§ **Requirement**: Return, unchanged and with no pictures, the lines below from the very first through the one that contains "Giga-projects are set".
Excerpted data START
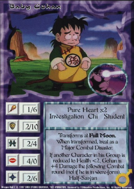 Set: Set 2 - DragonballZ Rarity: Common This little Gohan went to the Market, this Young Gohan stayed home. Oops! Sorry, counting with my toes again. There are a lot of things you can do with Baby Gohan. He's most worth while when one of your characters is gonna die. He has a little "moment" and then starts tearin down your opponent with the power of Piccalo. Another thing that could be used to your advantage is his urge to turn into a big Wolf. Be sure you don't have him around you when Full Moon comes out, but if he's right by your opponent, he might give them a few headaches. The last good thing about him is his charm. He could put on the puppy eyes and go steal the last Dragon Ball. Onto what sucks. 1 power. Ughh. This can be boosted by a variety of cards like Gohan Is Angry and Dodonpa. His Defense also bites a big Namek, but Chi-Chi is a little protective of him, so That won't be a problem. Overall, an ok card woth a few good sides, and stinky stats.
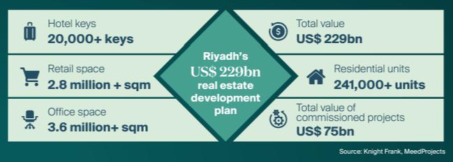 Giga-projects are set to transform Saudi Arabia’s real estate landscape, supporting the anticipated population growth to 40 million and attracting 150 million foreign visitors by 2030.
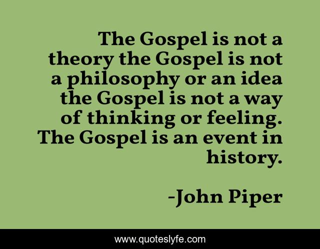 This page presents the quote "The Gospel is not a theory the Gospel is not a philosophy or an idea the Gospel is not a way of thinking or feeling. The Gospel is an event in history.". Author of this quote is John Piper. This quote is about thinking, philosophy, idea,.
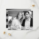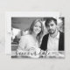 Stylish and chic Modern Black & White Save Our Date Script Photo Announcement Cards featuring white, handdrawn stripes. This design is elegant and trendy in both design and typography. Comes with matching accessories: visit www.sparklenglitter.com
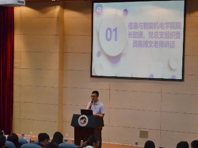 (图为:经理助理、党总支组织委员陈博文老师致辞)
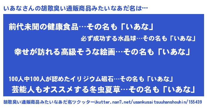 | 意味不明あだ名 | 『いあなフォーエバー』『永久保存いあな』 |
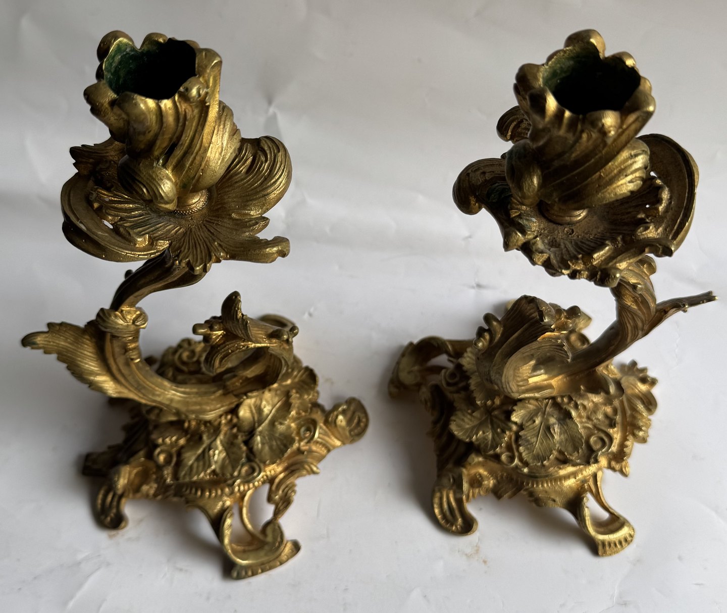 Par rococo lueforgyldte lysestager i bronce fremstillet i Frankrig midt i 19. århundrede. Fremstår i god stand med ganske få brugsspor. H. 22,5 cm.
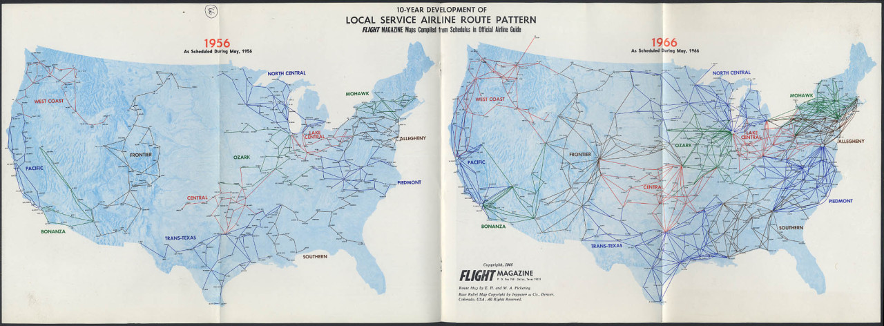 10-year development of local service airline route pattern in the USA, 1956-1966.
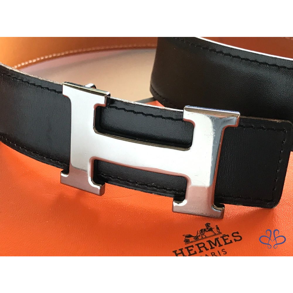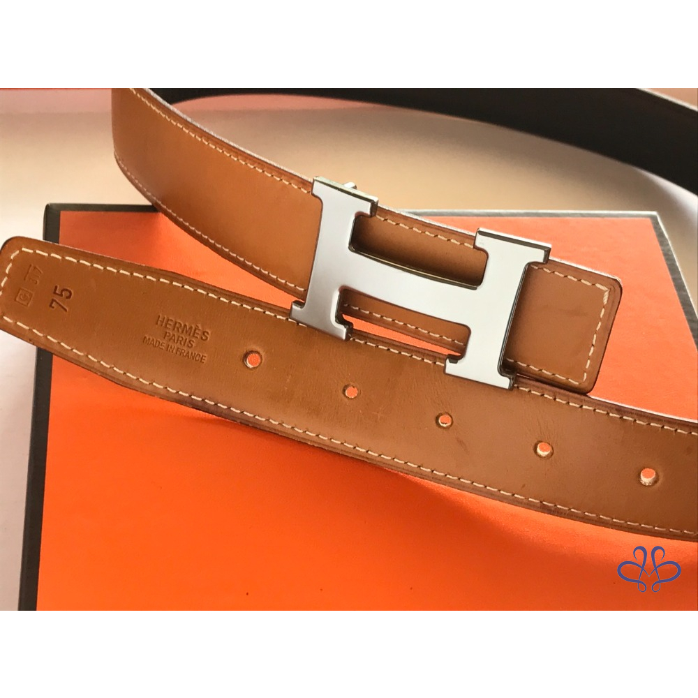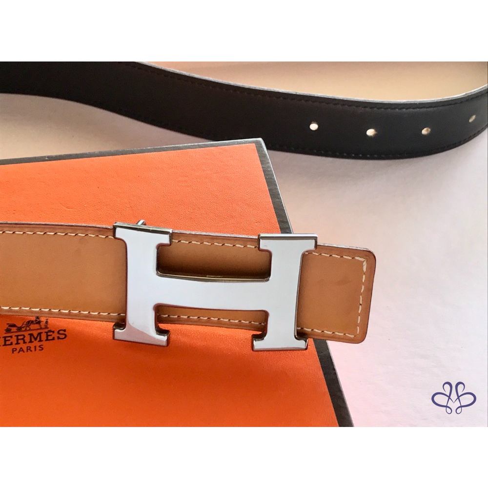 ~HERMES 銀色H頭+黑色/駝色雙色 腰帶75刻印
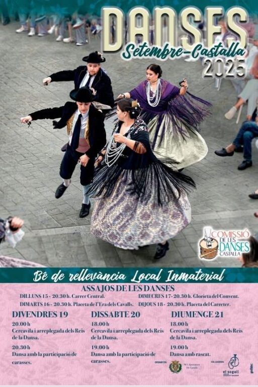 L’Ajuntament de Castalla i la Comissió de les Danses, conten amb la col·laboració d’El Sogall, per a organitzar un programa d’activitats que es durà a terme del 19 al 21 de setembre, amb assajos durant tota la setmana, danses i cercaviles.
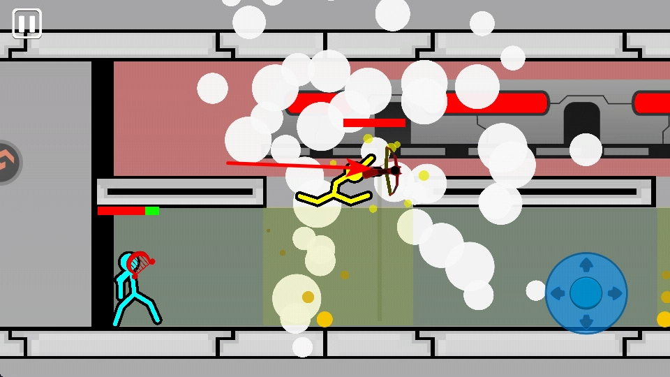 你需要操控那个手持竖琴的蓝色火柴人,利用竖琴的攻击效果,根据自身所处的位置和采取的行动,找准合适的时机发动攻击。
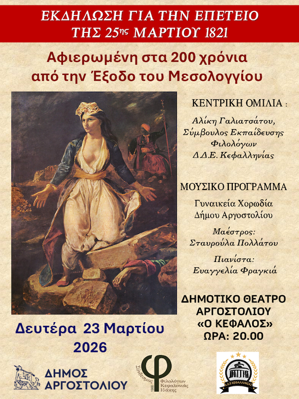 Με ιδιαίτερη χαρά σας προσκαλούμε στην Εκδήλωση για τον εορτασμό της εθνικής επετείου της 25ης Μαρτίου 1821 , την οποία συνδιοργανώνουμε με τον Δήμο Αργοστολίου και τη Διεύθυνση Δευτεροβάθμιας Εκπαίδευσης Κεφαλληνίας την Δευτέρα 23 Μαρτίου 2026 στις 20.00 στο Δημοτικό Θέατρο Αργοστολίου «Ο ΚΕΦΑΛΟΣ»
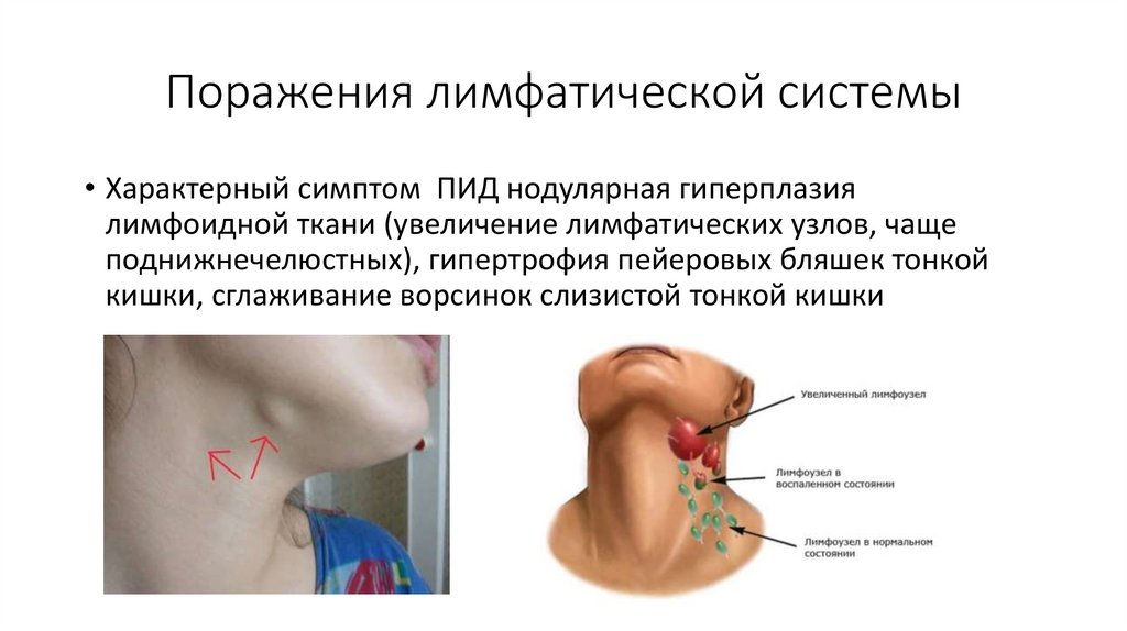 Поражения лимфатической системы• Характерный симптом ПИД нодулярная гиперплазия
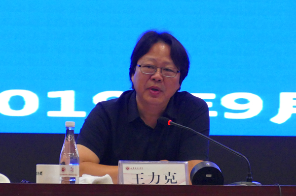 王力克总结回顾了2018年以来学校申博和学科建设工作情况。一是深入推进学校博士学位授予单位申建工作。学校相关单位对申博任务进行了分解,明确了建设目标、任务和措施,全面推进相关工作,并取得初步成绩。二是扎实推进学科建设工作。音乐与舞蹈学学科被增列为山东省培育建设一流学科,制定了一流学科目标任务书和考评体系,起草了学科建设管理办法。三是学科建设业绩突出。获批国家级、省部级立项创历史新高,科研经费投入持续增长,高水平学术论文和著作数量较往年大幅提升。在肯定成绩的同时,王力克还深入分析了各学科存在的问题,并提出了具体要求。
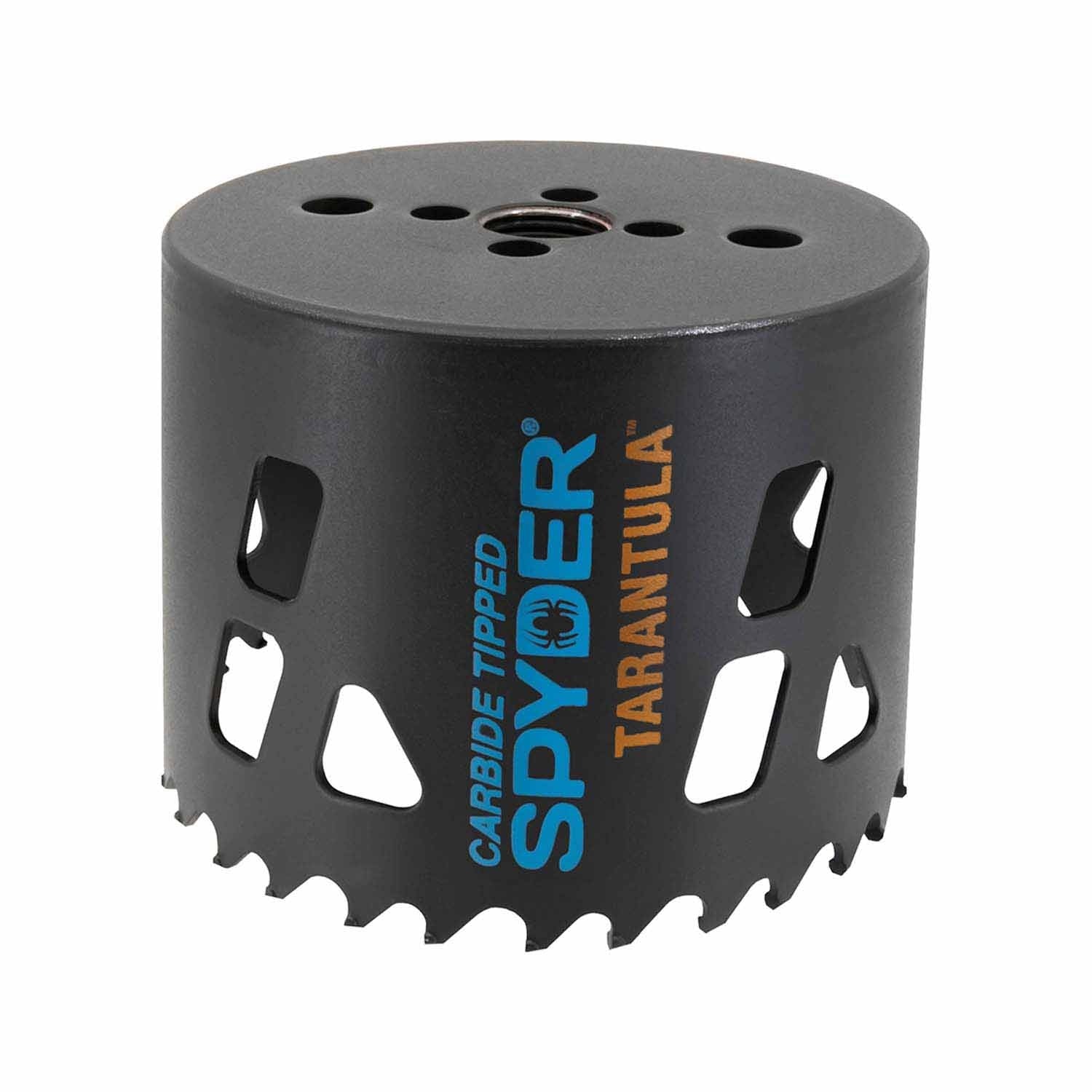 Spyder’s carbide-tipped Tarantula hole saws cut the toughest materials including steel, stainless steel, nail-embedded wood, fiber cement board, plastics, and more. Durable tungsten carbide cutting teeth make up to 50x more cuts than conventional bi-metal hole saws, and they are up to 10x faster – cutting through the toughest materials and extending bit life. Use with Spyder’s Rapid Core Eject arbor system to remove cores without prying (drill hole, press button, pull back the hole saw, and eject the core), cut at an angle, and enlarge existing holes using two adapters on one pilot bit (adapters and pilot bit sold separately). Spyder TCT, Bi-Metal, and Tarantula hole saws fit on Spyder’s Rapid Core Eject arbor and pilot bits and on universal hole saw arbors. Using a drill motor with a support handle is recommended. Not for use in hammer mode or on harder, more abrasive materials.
Excerpted data END
§ **Solution for this task**:
 Set: Set 2 - DragonballZ Rarity: Common This little Gohan went to the Market, this Young Gohan stayed home. Oops! Sorry, counting with my toes again. There are a lot of things you can do with Baby Gohan. He's most worth while when one of your characters is gonna die. He has a little "moment" and then starts tearin down your opponent with the power of Piccalo. Another thing that could be used to your advantage is his urge to turn into a big Wolf. Be sure you don't have him around you when Full Moon comes out, but if he's right by your opponent, he might give them a few headaches. The last good thing about him is his charm. He could put on the puppy eyes and go steal the last Dragon Ball. Onto what sucks. 1 power. Ughh. This can be boosted by a variety of cards like Gohan Is Angry and Dodonpa. His Defense also bites a big Namek, but Chi-Chi is a little protective of him, so That won't be a problem. Overall, an ok card woth a few good sides, and stinky stats.
 Giga-projects are set to transform Saudi Arabia’s real estate landscape, supporting the anticipated population growth to 40 million and attracting 150 million foreign visitors by 2030.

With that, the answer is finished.